Keywords: Anticancer, cisplatin, neurotoxicity, pistachio, vincristine
INTRODUCTION
The toxic effects of some anticancer drugs have been reported on the peripheral and central nervous systems.[1] Cisplatin and vincristine are two effective antitumor agents with a wide spectrum of activity against various solid tumors. However, their clinical application is limited due to their physiological adverse effects such as nephrotoxicity, neurotoxicity, ototoxicity, and vomiting.[2,3,4,5,6,7] A promising way for the prevention of these physiological side effects is through dietary intervention.
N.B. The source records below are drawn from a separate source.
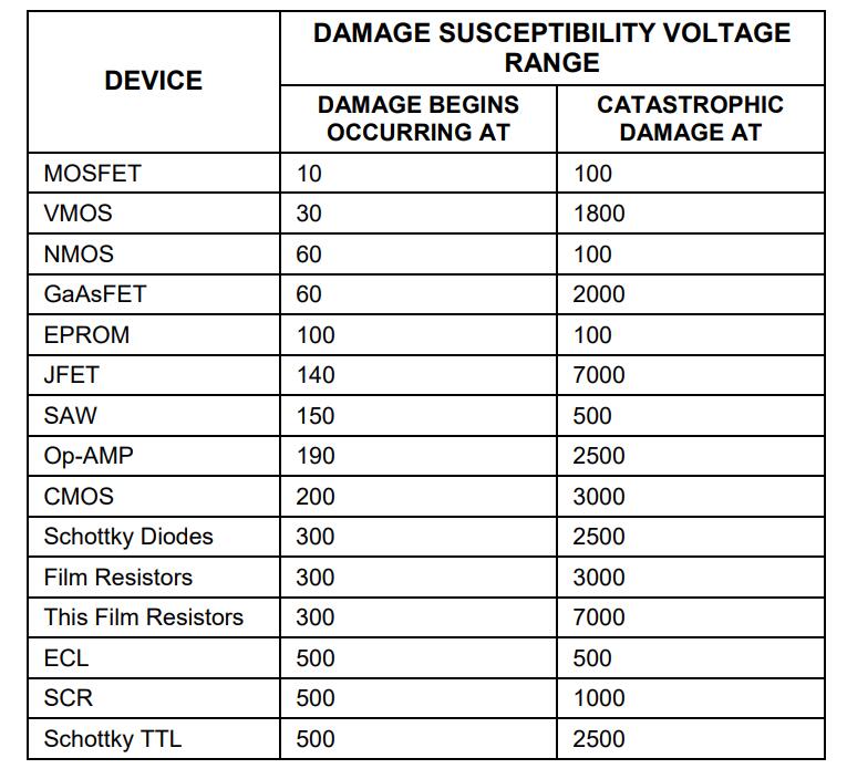 將表中的值進行快速比較,列出了檢測儀器件的敏感性水平,這說明了為什么《半導(dǎo)體可靠性新聞》估計大約 60% 的器件故障是由靜電損壞造成的釋放。
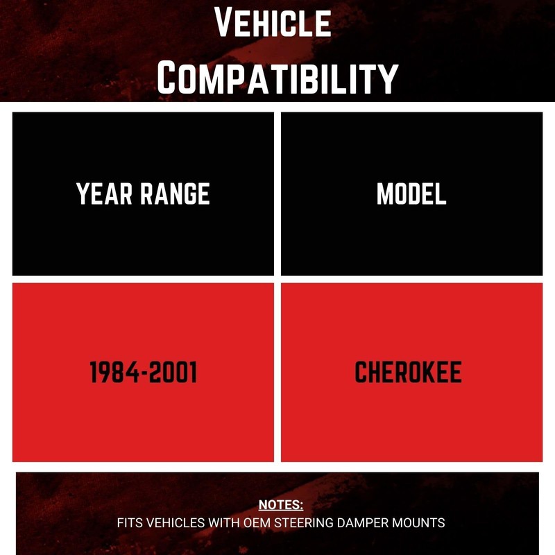 - Vehicle Compatibility: This Rancho RS5000 steering stabilizer is designed to fit 1984-2001 Cherokee with original equipment manufacturer steering damper mounts
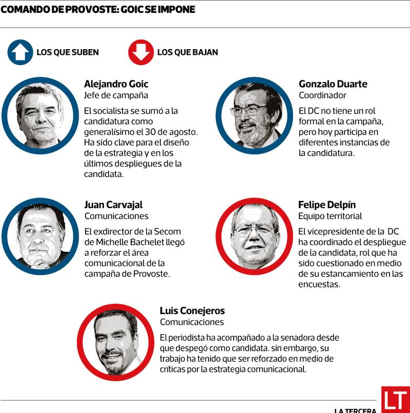 En medio de complejas semanas en las que se evidencia un estancamiento en las encuestas, al equipo de la senadora se sumó el exsecretario general de la DC y exalcalde de La Florida, Gonzalo Duarte. Este asumió como coordinador de la campaña y participa en el equipo territorial. Su instalación, dicen, viene a reforzar la labor de Goic, pero también del encargado territorial de la campaña, el vicepresidente de la DC, Felipe Delpín.
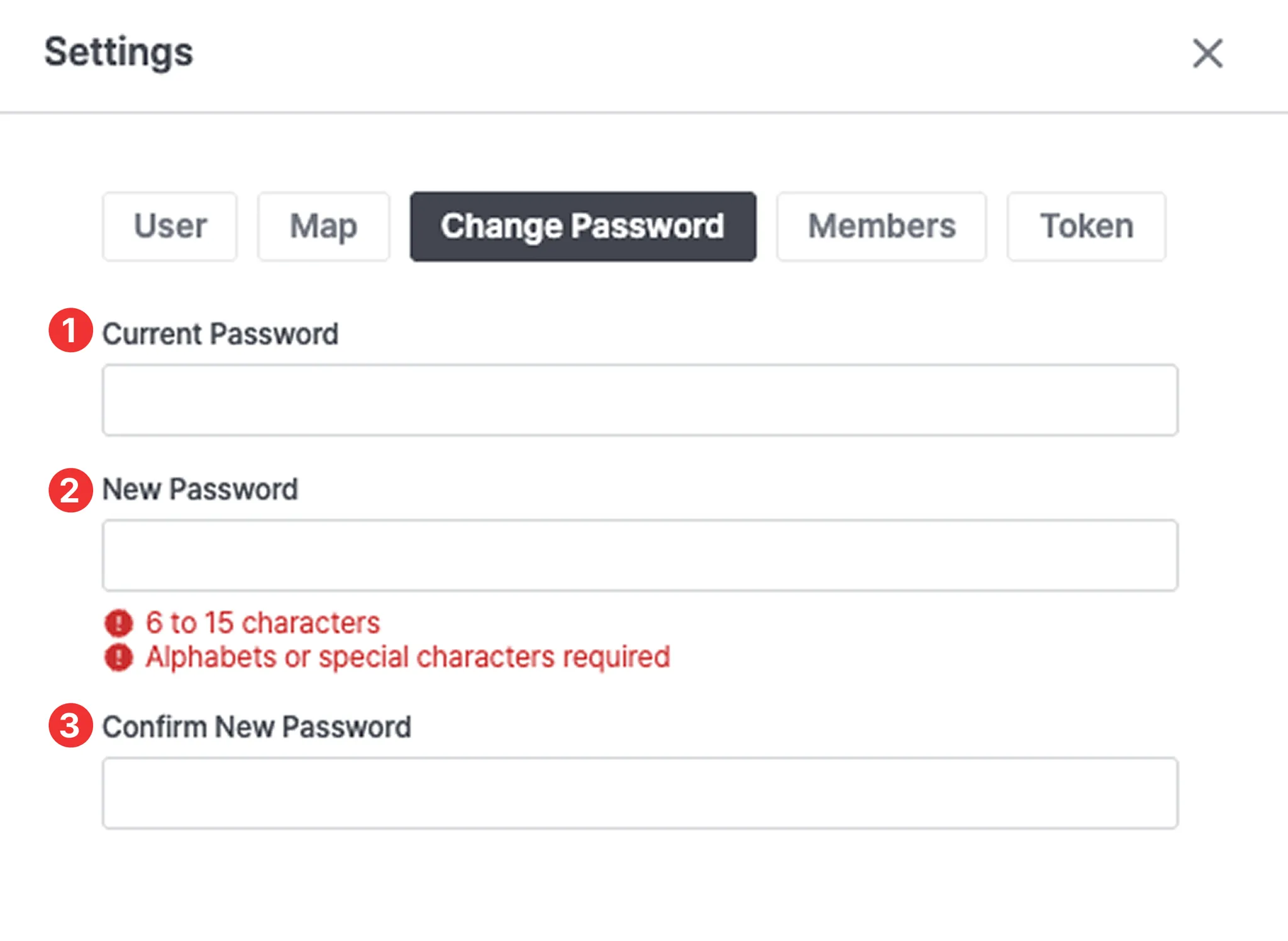 The password must be 6–15 characters long and include a combination of letters and special characters.
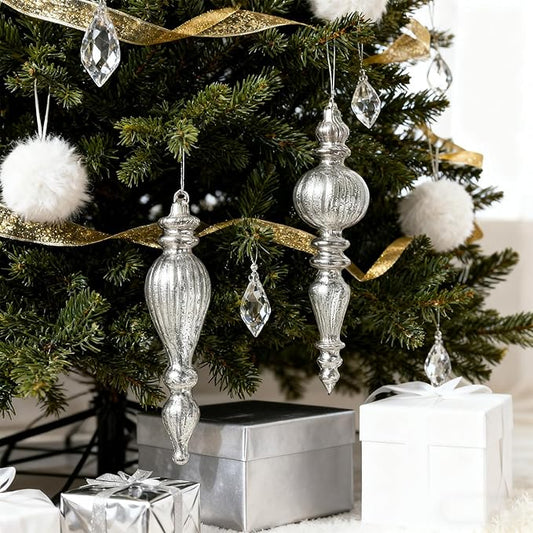 DN DECONATION Mercury Glass Finial Christmas Ornaments, Large Hanging Teardrop Ornament, Shiny Ball Ornaments for Xmas Tree, Winter Wedding, Party, Holiday Home (4-Pieces, Silver)
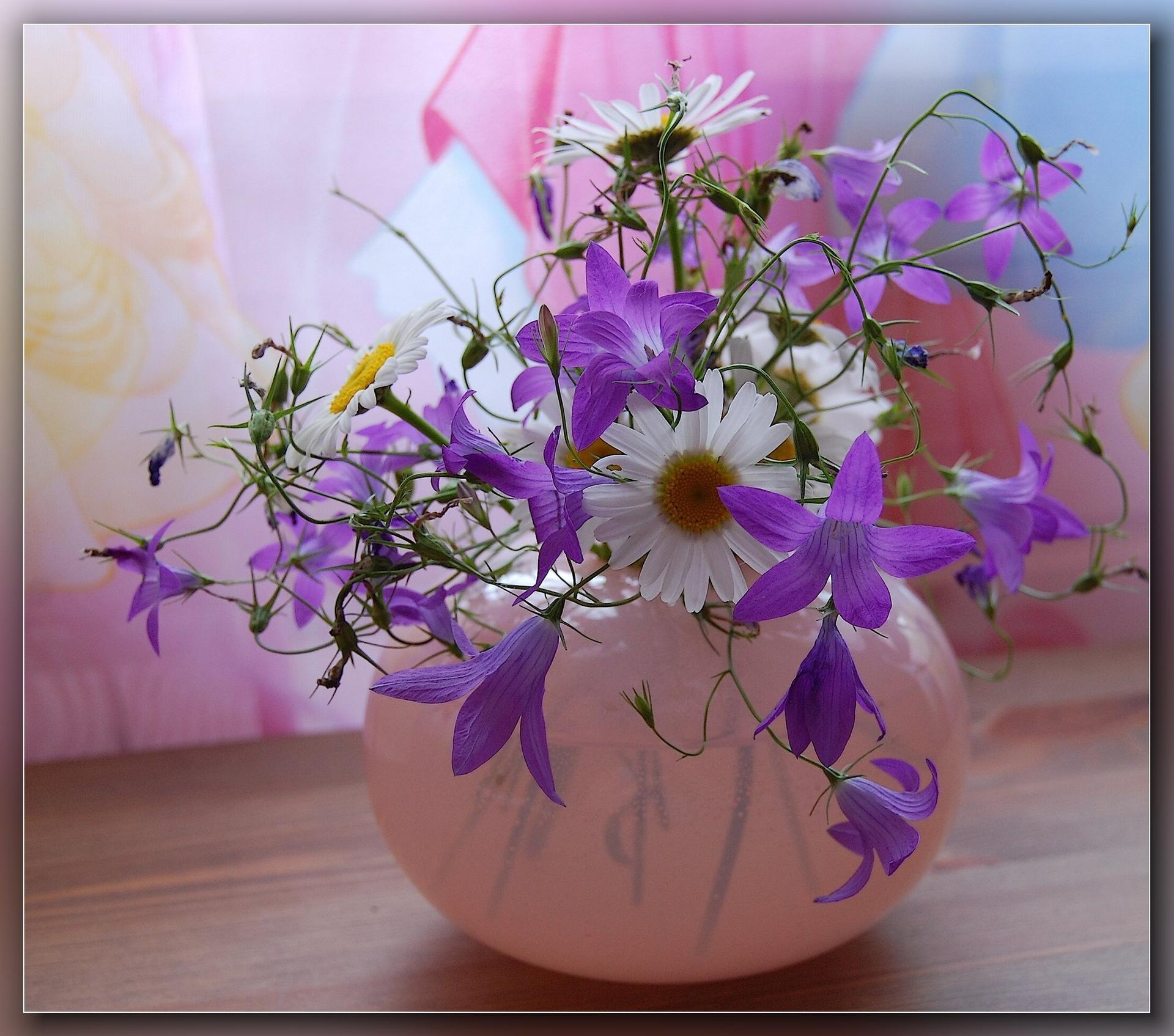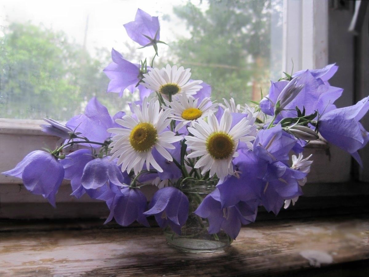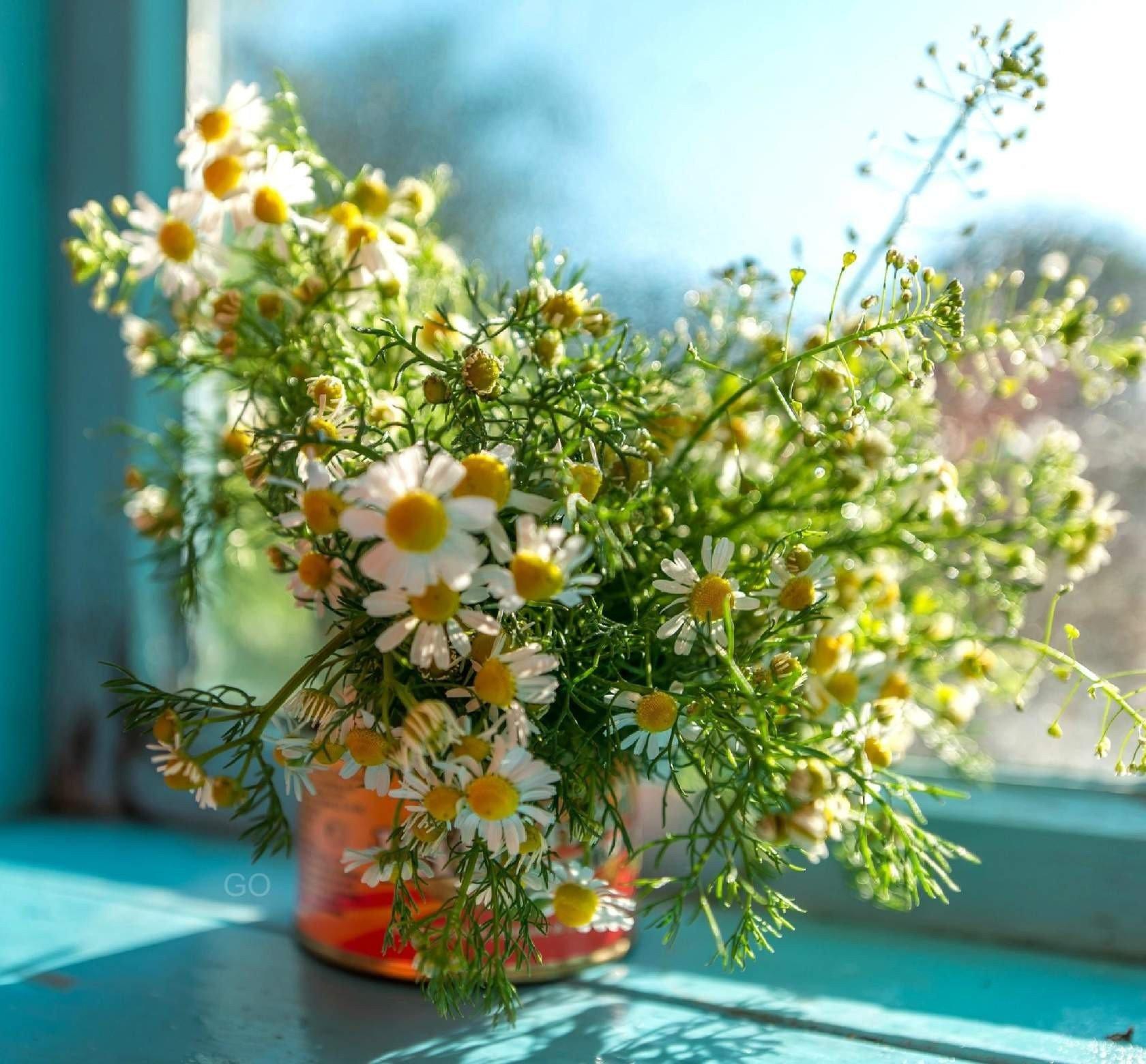 букет ромашек на окне

Relative to other nuts, pistachios are a rich source of antioxidants[8,9] and phenolic compounds.[10,11] These nuts are consumed largely for their nutritional and health management properties.[12] They are the only nut that contains anthocyanin, the pigments responsible for the color of several fruits and vegetables.[11] It has been shown that anthocyanins possess some antioxidant, antiinflammatory, and anticarcinogenic properties. Moreover, among all the nuts pistachios are one of the most diverse sources of antioxidants including lutein, β-carotene, vitamin E (g-tocopherol and α-tocopherol), and selenium.[8,9] In addition, pistachios are a good source of flavonoids, and the protective effects of flavonoids and tocopherol consumption on cisplatin-induced neurotoxictiy (without changing its antitumor activity) have been reported previously.[13,14,15,16,17]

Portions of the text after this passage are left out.